Ten thousand links and counting

Eric Walker, July 6, 2019

If you could keep track of everything slightly interesting that you read at one point on the Internet, about how many links would we talking about?

I can now attempt a ballpark estimate. As you can see in this screenshot, since the time that Digraph emerged as an application that was actually useful, at the end of November 2018 (before it was hosted online), around 10,000 links and 4,000 topics have been added, almost all by one person (myself):

10,000 links

So over eight months that’s 10,228 links — about 1,250 links per month, or about 15,000 links per year. Suppose I were to use Digraph over five years at the same level of activity. I will have added about 75,000 links during that period.
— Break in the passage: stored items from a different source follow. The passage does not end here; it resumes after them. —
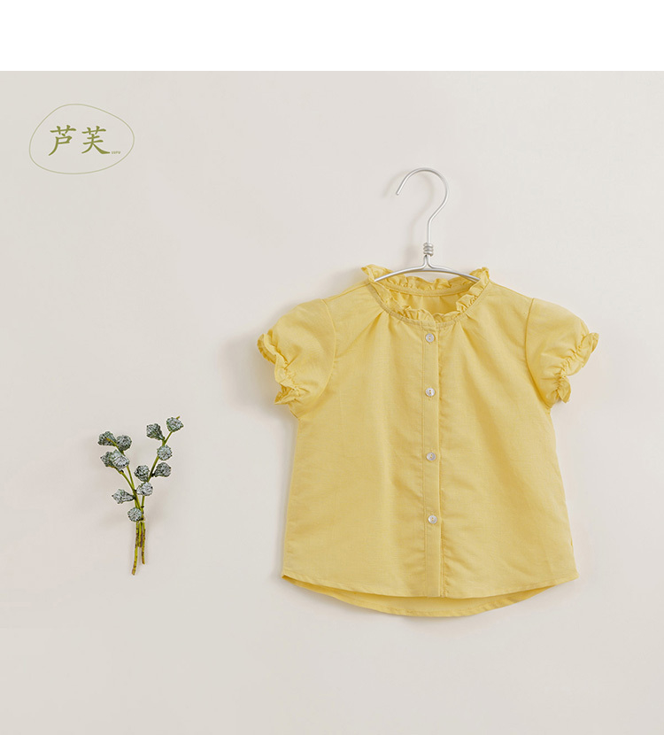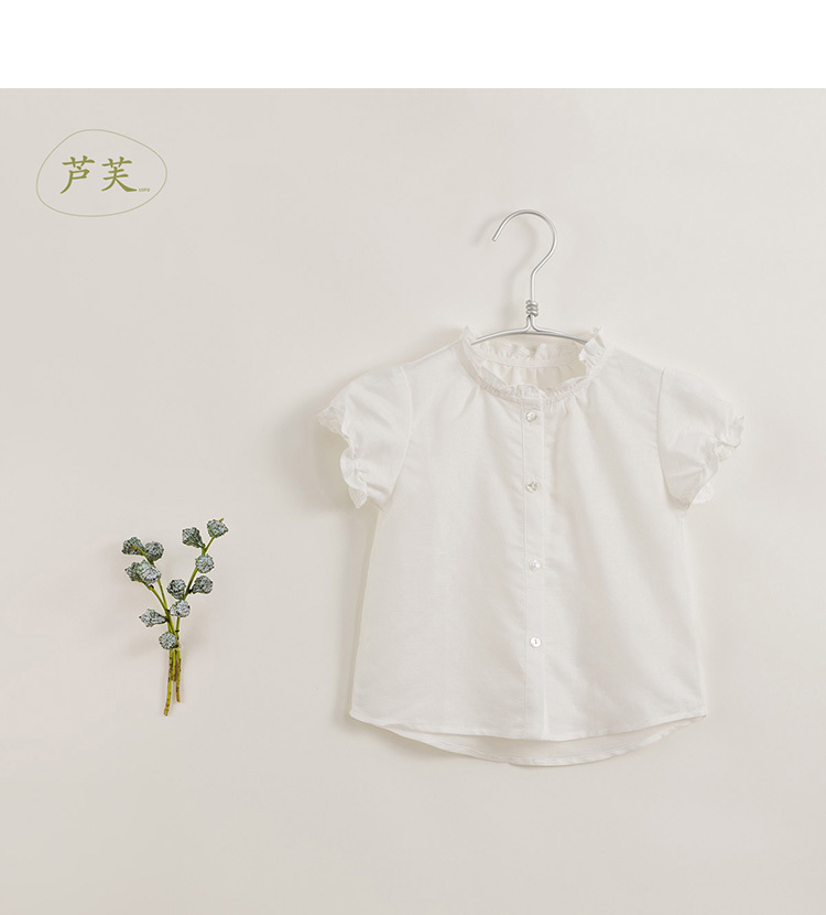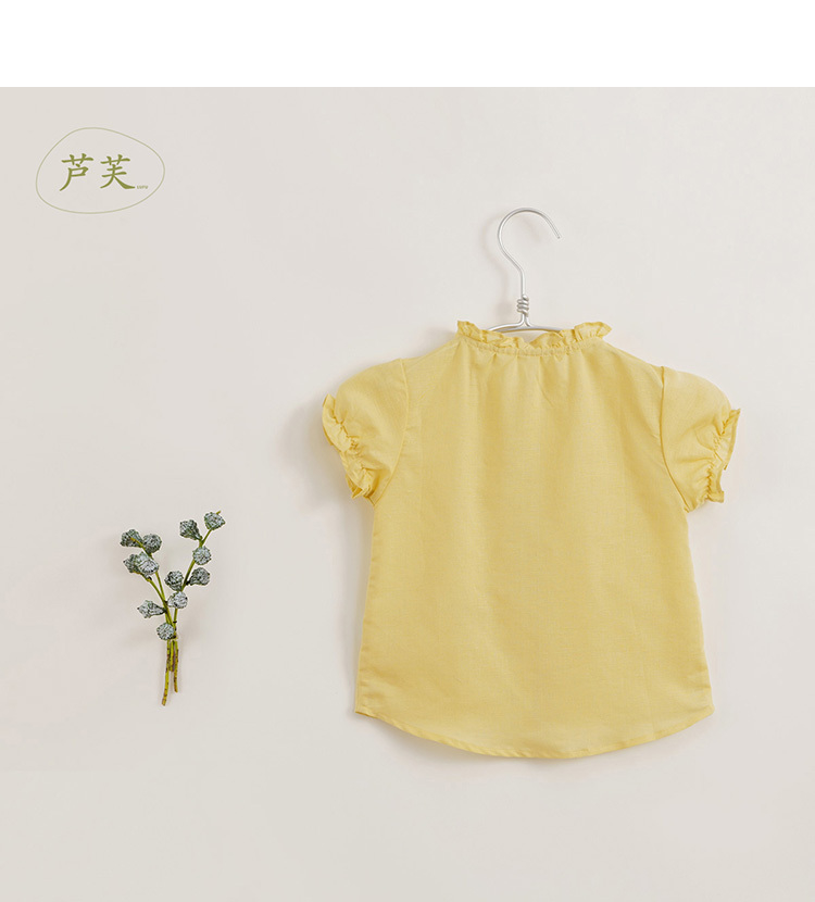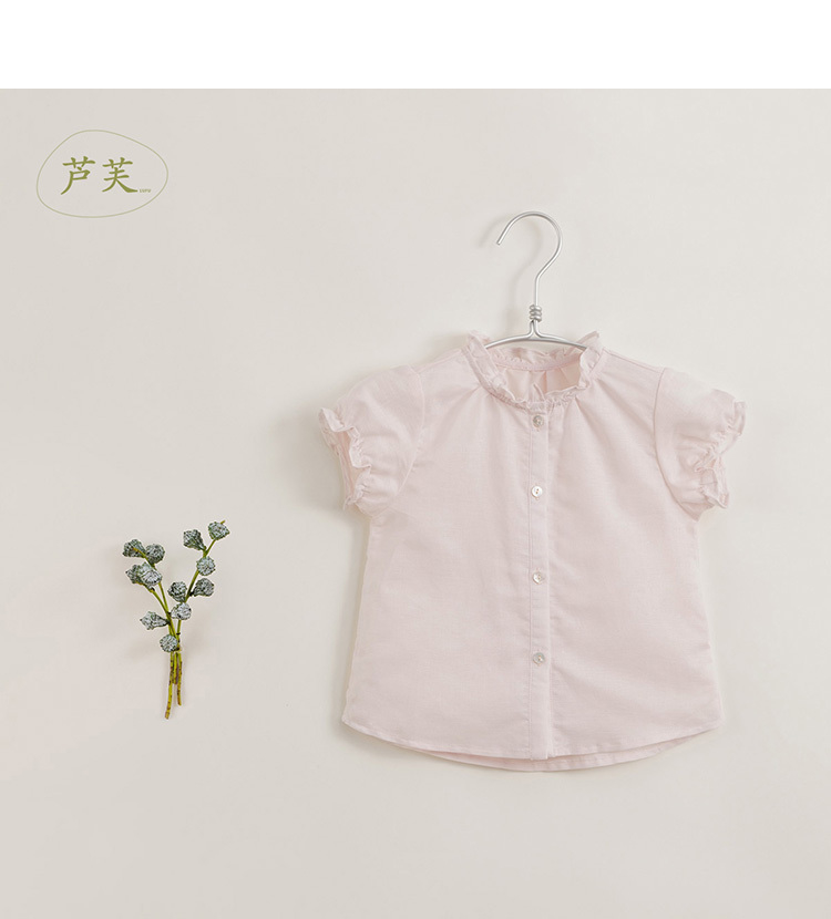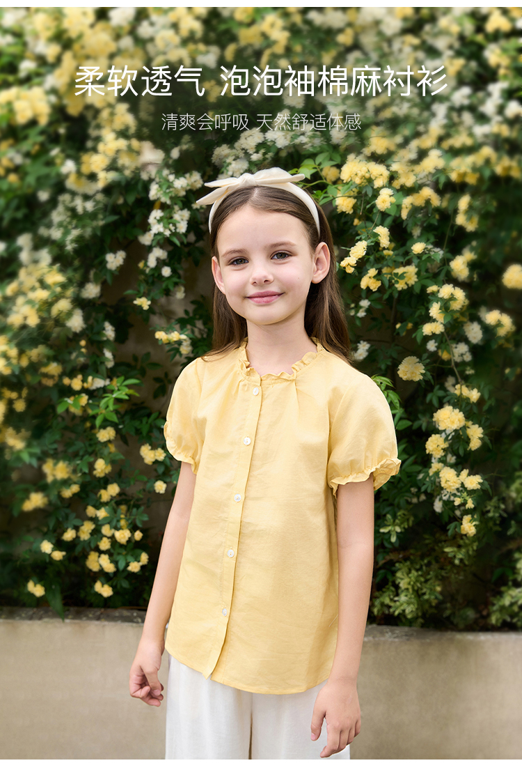 【马克珍妮 芦芙】夏装新款 女童泡泡袖透气棉麻衬衫230727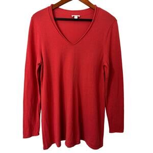J. Jill Merino Wool Red Long Sleeve V-Neck Blouse Size Medium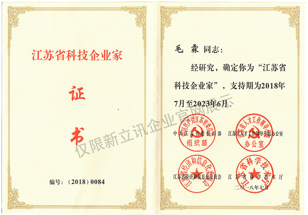 • 2019-04-24江蘇省科技企業家證書查看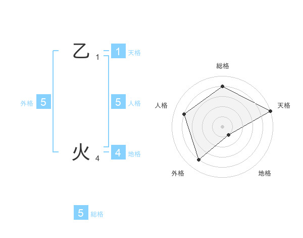 乙 火さんの総格は5画の4点!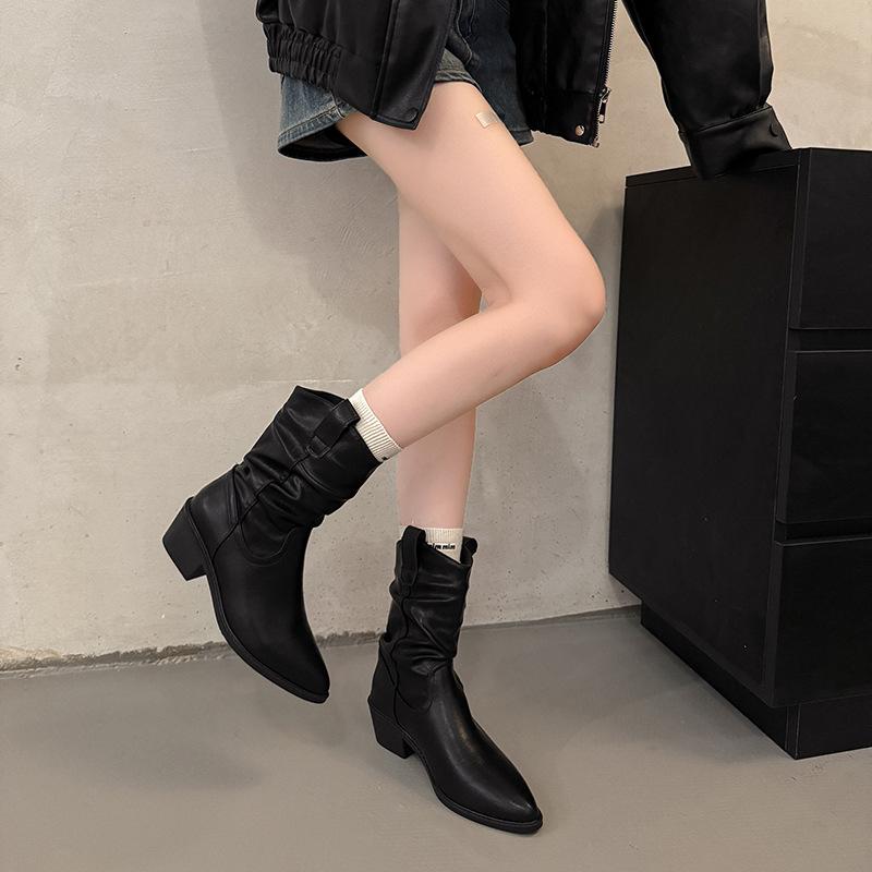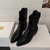 2026 Autumn New Knight Boots Retro Mid Barrel Stacked Boots Western Thin Boots Women's Coarse Heel Short Boots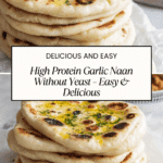 This Cottage Cheese Garlic Naan recipe is a high-protein, no-yeast alternative to traditional naan bread. Made with a blend of cottage cheese, eggs, and flours, it offers a soft and flavorful naan infused with garlic and finished with buttery herbs, perfect for pairing with Indian dishes or enjoying as a snack.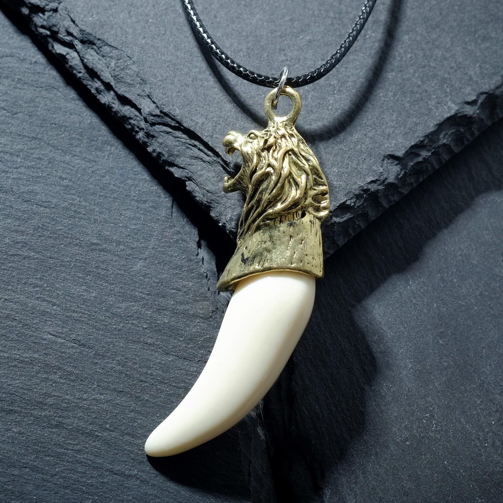 Кулон унисекс "Клык льва", цвет белый в чернёном золоте, 45 см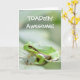 Cartão de saudação de um sapo verde de árvore, sentado sobre folhas com o texto: TOADally Adwmanutenção. Você pode enviar este cartão para felicitar alguém por uma conquista ou um aniversário.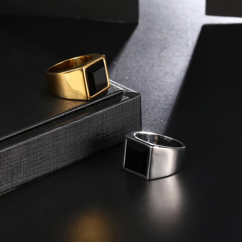 Paslanmaz Celik Kare Siyah Tas Yuzuk Erkekler Biker Rock Parmak Obsidyen Dogal Tas Yuzukler Erkek Hip Hop Punk Oniks Yuzuk Taki Halkalar Aliexpress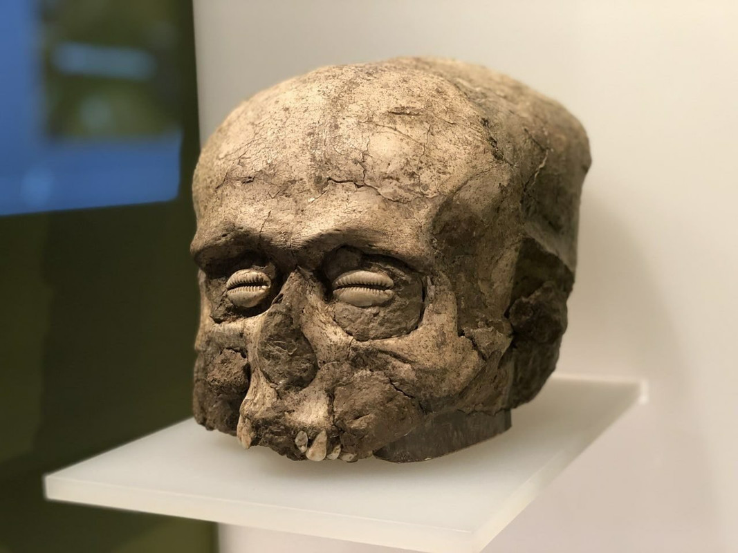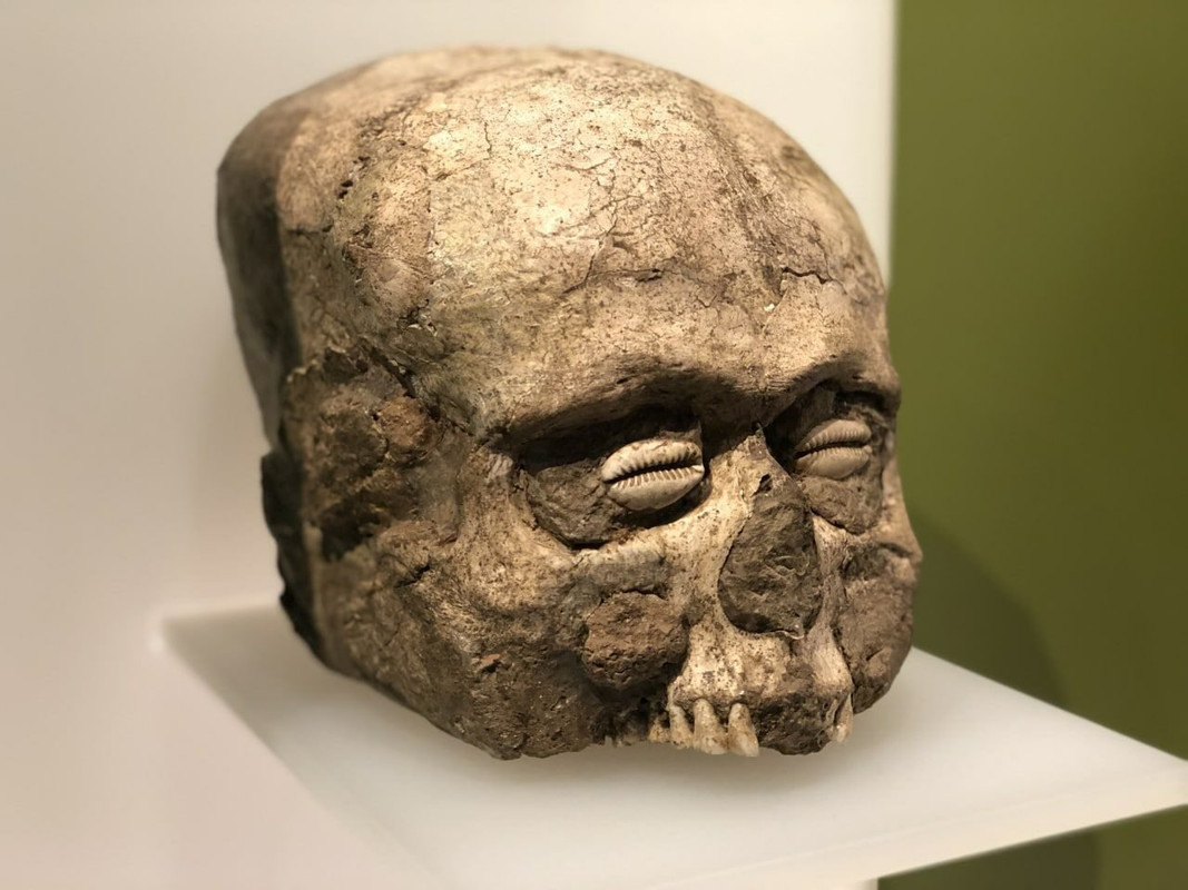 Post la morto de la homo, parto de la kranio estis forigita kaj anstataŭigita per gipso, kaj la okulkavoj estis ornamitaj per cipredaj konkoj. Tia ornamado plej verŝajne estis parto de entombiga praktiko.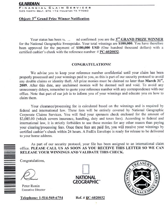 checkletter.jpgThe scam begins with a letter with a Canadian  postmark, according to Senior Deputy David Preston. The letter states that the recipient is the third grand prize winner in a National Geographic sweepstakes with a $100,000 prize. The official looking letter even provides a certified cashier’s check number.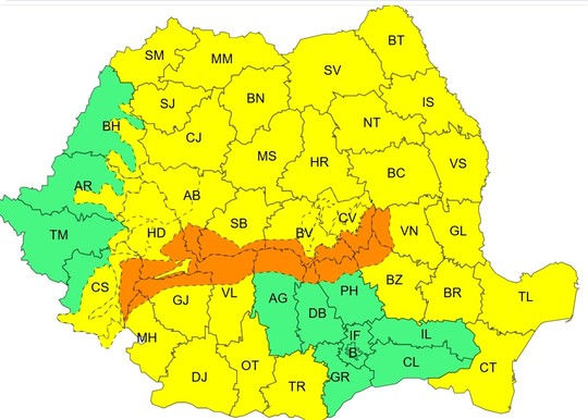 În acelaşi interval, este valabilă şi o avertizare cod portocaliu, fiind anunţate intensificări puternice ale vântului, viscol şi vizibilitate foarte redusă în zona înaltă a Carpaţilor Meridionali şi de Curbură.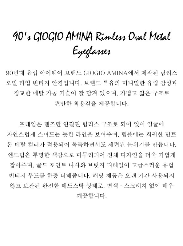 90's GIOGIO AMINA Rimless Oval Metal Eyeglasses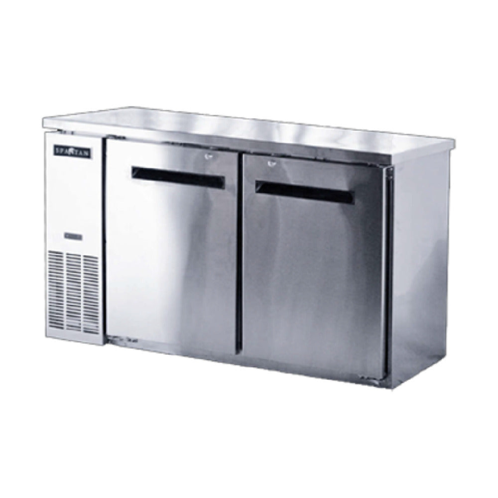 The Spartan SSBB-48 Back Bar 48.8" Two-section is a versatile refrigeration unit designed to meet the needs of hospitality and food service industries. This model boasts a generous capacity of 11.8 cubic feet, making it ideal for businesses requiring efficient beverage storage solutions. Its side-mounted, self-contained refrigeration uses R290 Hydrocarbon refrigerant, known for its environmental benefits, and operates with a powerful 1/3+ HP compressor. The unit's 115v/60/1 electrical specification and 7.2 amps draw ensure compatibility with standard outlets, featuring a NEMA 5-15P plug for ease of installation. Constructed with a robust 430 stainless steel exterior and a 304 stainless steel interior, the Spartan SSBB-48 guarantees durability and a sleek appearance, enhancing any bar setting. This back bar cooler includes two hinged solid doors and four adjustable shelves, allowing customization to suit various product dimensions. Its digital temperature control ensures precise cooling management, while the interior lighting provides visibility, aiding in quick product retrieval. Certified by cETLus and ETL-Sanitation, this refrigeration unit adheres to strict safety and sanitation standards, making it a reliable choice for busy bars and restaurants looking for efficient, high-quality beverage storage solutions.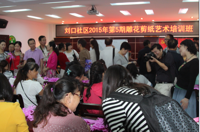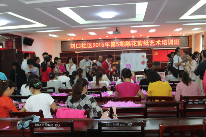 2015年9月18日,国家文化部组织全国各地剪纸艺术专家及爱好者参观刘口社区剪纸培训现场,并现场指导学员创作作品。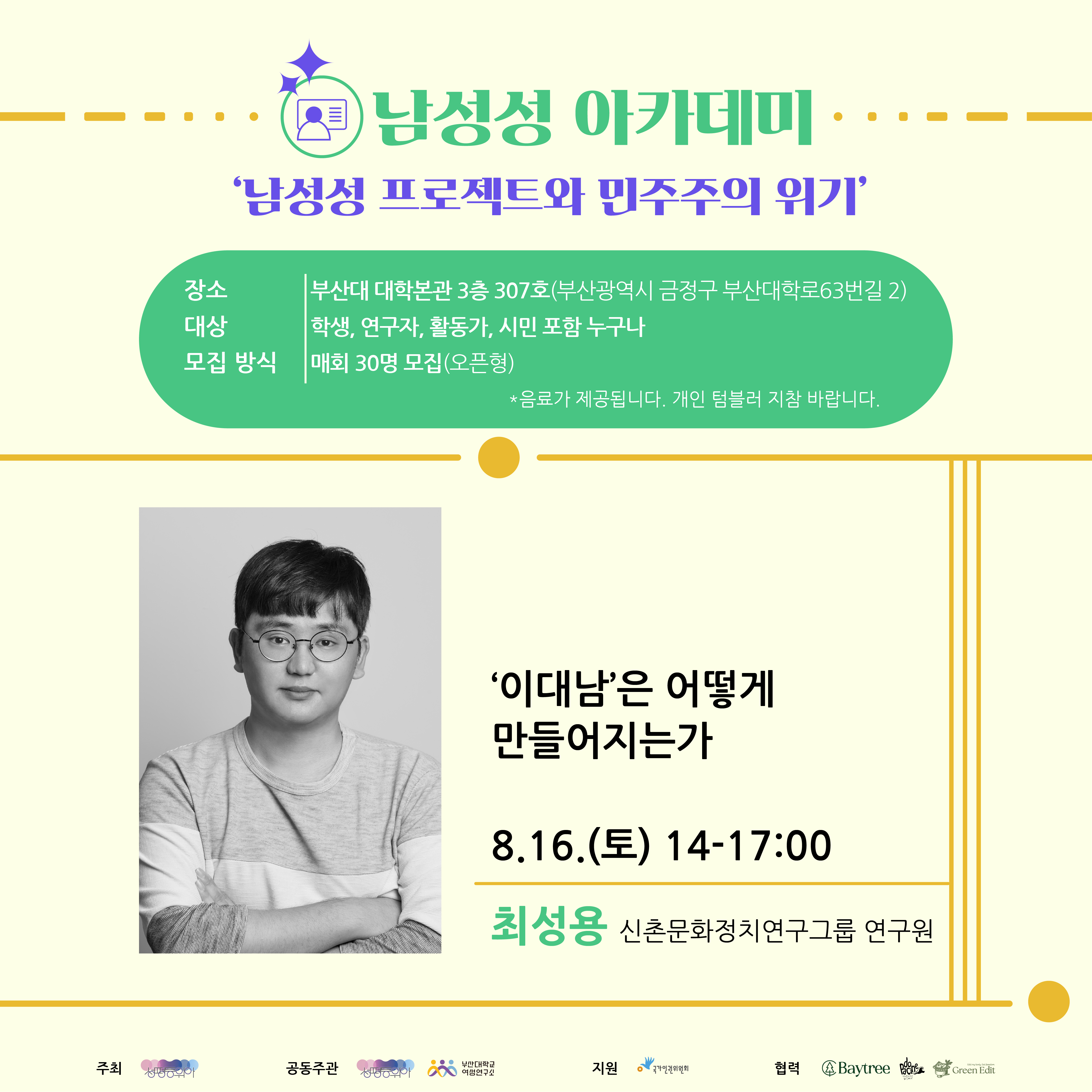 부산대학교 여성연구소는 성평등위아와 함께 "남성성 아카데미"를 개최했습니다.

I think I’m an outlier in wanting to be able to get back to everything I’ve read in the past, so discount that number by some fraction to get what might be the average per person.

How many links would I actually be able to track down again in the future if there was something that I vaguely recalled that I wanted to look at again? An unscientific guess based on my experience over the last eight months is that I can find about 50 percent of such links with little effort and another 25 percent with more digging around. The remaining 25 percent would require me to search Google. Also anecdata: once I’ve searched for a link, and, seeing it miscategorized or inadequately categorized, and after I’ve added the topics that came to mind when I started looking for it, the link will be much easier to find during later attempts.

Having 4,219 topics means that topics now dominate Digraph search results, since they appear before links. Having topics dominate search results is not necessarily a bad thing, because the desired link is often a click or two away when you follow a relevant topic. But it does mean that if the topics were to increase by an order of magnitude or more, some decent ordering of topics in search results would be needed, in the manner of Google, in order not to be overwhelmed by a sea of slightly relevant topics.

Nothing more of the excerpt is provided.